We fear that plaintiff's interpretation of the statute of limitations would impair the safeguards it imposes in cases involving unliquidated damages. As Justice Allport pointed out in his dissenting opinion in the Court of Appeal, "The argument [advanced by plaintiff] would be available in all such actions that the applicable statute is tolled for an indefinite time simply because the nature and extent of the damage was not determined or readily provable within the otherwise applicable statutory period of limitation." We conclude that the statutory period commenced once Davies suffered actual and appreciable damage, and thus no later than November 11, 1955.
Plaintiff thirdly and finally asserts that, for want of a res, the remedy of constructive trust was not available to Davies until 1958; she maintains that consequently the period of limitation on that remedy should not begin to run until 1958.

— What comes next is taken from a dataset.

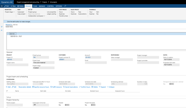 When entering a General Journal using this subproject as the financial dimension an error of “Dimension value XXX does not exist” is encountered.
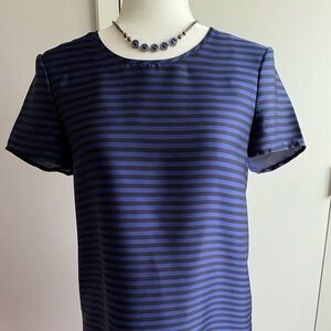 Elevate your everyday style with this elegant Michael Michael Kors women's top in EUC (Excellent Used Condition). Designed with a flattering slip-on silhouette, this short sleeve blouse features a striking **cobalt blue and black stripe pattern**, perfect for both workwear and casual chic.

In summary, we hold that if plaintiff has a cause of action for breach of confidence, that cause of action is subject to the two-year limitation of Code of Civil Procedure section 339, subdivision 1. Under the facts as found by the trial court, plaintiff had suffered actual and appreciable harm from defendant's breach by November 11, 1955; the statutory period therefore began to run no later than that date. Neither plaintiff's difficulty in proving the extent of damage, nor the lack of a res on which to impose a constructive trust, delays the running of the period of limitation. Consequently plaintiff's suit when filed on November 19, 1959, was barred by limitations.
The judgment is affirmed.
Wright, C.J., McComb, J., Sullivan, J., Clark, J., Molinari, J.,
Appellant's petition for a rehearing was denied July 3, 1975. Mosk, J., did not participate therein.

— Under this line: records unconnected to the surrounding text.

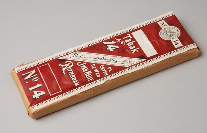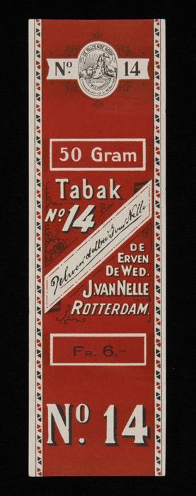 Donkerrood label VAN NELLE TABAK, No. 14, 50 gram, 30¢
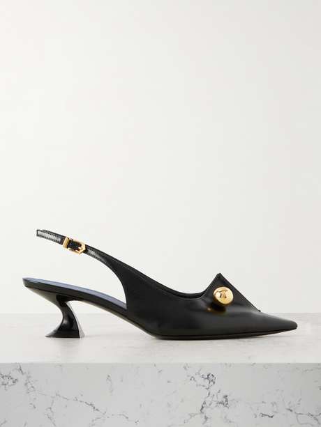 Lanvin's pumps are named after the polished gold-tone bars 'Piercing' the split vamps. They're made from glossed-leather and have pointed toes and fluted 50mm kitten heels. They'll look especially chic peeking out from beneath wide-leg pants.
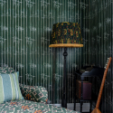 This wallpaper captures the mystique of ancient folklore through its intricate illustrations of mythical creatures set against a refined background. The design features subtle vertical stripes interspersed with delicate line drawings of unicorns and other fantastical beings, evoking a sense of timeless elegance and storytelling.

The doctrine of law of the case of course is not inflexible. (England v. Hospital of Good Samaritan (1939) 14 Cal.2d 791, 795 [97 P.2d 813].) The principal ground for ignoring the doctrine, however, is an intervening or contemporaneous change in the law (see Ryan v. Mike-Ron Corp. (1968) 259 Cal.App.2d 91, 96-97 [66 Cal.Rptr. 224]; 6 Witkin, Cal. Procedure (2d ed. 1971) pp. 4568-4570), a circumstance not present in the instant case.